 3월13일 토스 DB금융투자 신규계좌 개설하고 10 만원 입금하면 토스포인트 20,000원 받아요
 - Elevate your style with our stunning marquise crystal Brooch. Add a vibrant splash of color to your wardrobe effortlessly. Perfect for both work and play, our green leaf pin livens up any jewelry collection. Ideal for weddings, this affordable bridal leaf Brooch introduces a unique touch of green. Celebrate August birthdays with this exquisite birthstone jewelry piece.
--
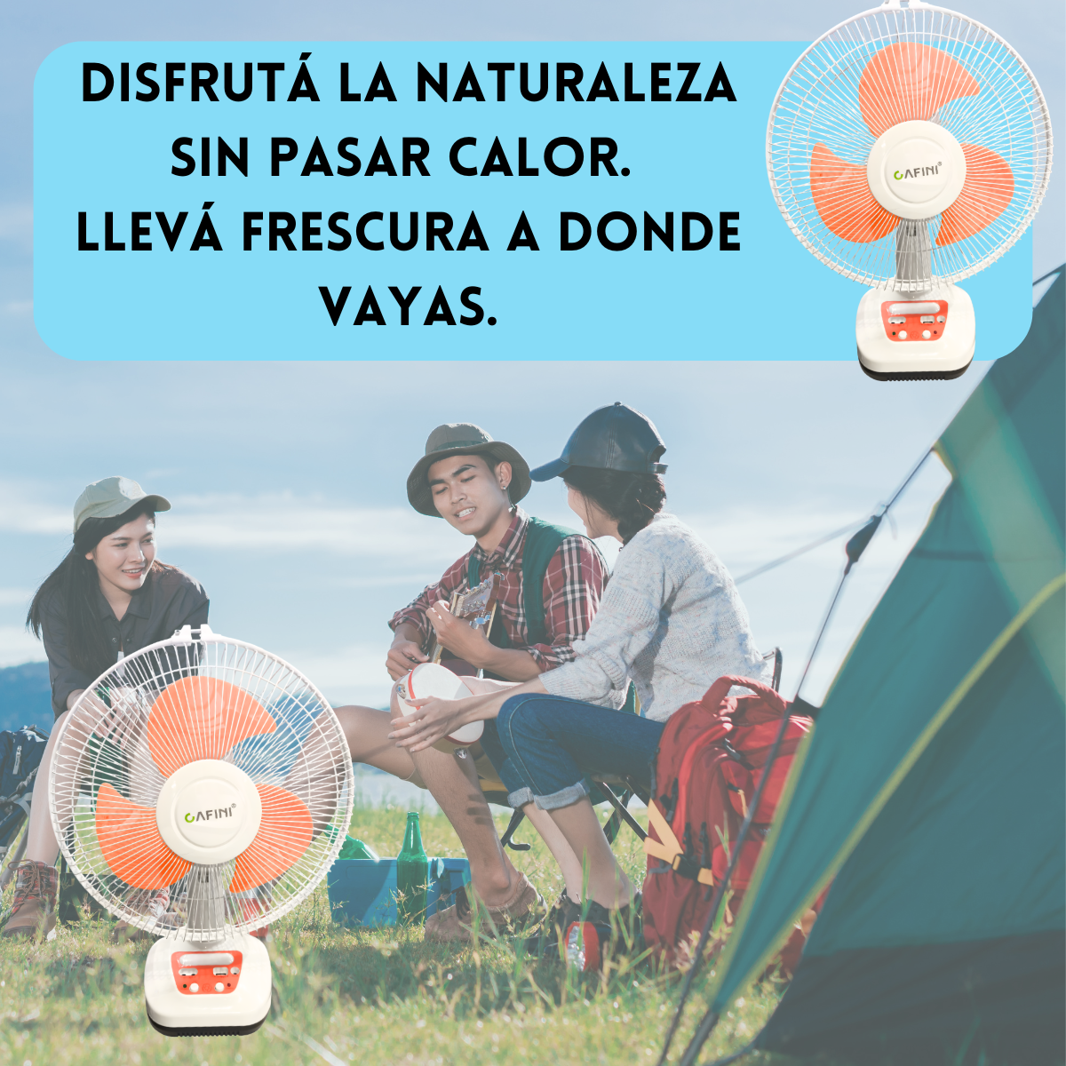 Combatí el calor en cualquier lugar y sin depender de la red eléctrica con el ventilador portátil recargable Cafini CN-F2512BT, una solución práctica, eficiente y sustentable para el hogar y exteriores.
---
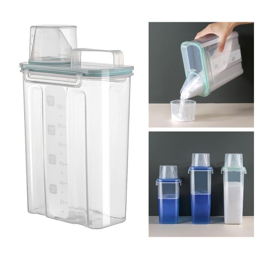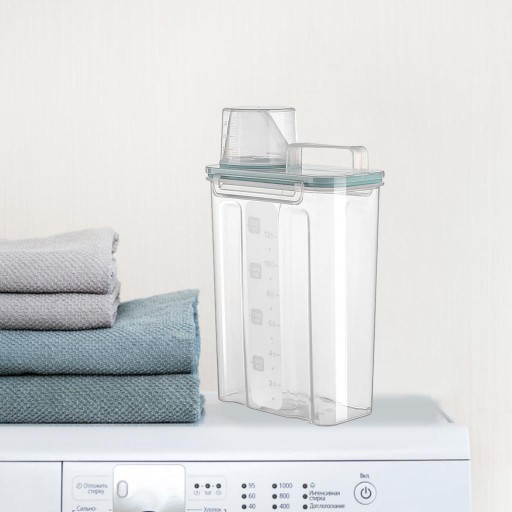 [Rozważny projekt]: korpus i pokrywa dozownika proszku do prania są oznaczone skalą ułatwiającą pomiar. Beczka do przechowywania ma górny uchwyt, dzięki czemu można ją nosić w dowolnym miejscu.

Exercise objective:
Among the entries above, copy exactly only the lines starting with the one containing "3월13일 토스 DB금융투자" and going through the one containing "- Elevate your", both ends included.

Reply to the exercise:
 3월13일 토스 DB금융투자 신규계좌 개설하고 10 만원 입금하면 토스포인트 20,000원 받아요
 - Elevate your style with our stunning marquise crystal Brooch. Add a vibrant splash of color to your wardrobe effortlessly. Perfect for both work and play, our green leaf pin livens up any jewelry collection. Ideal for weddings, this affordable bridal leaf Brooch introduces a unique touch of green. Celebrate August birthdays with this exquisite birthstone jewelry piece.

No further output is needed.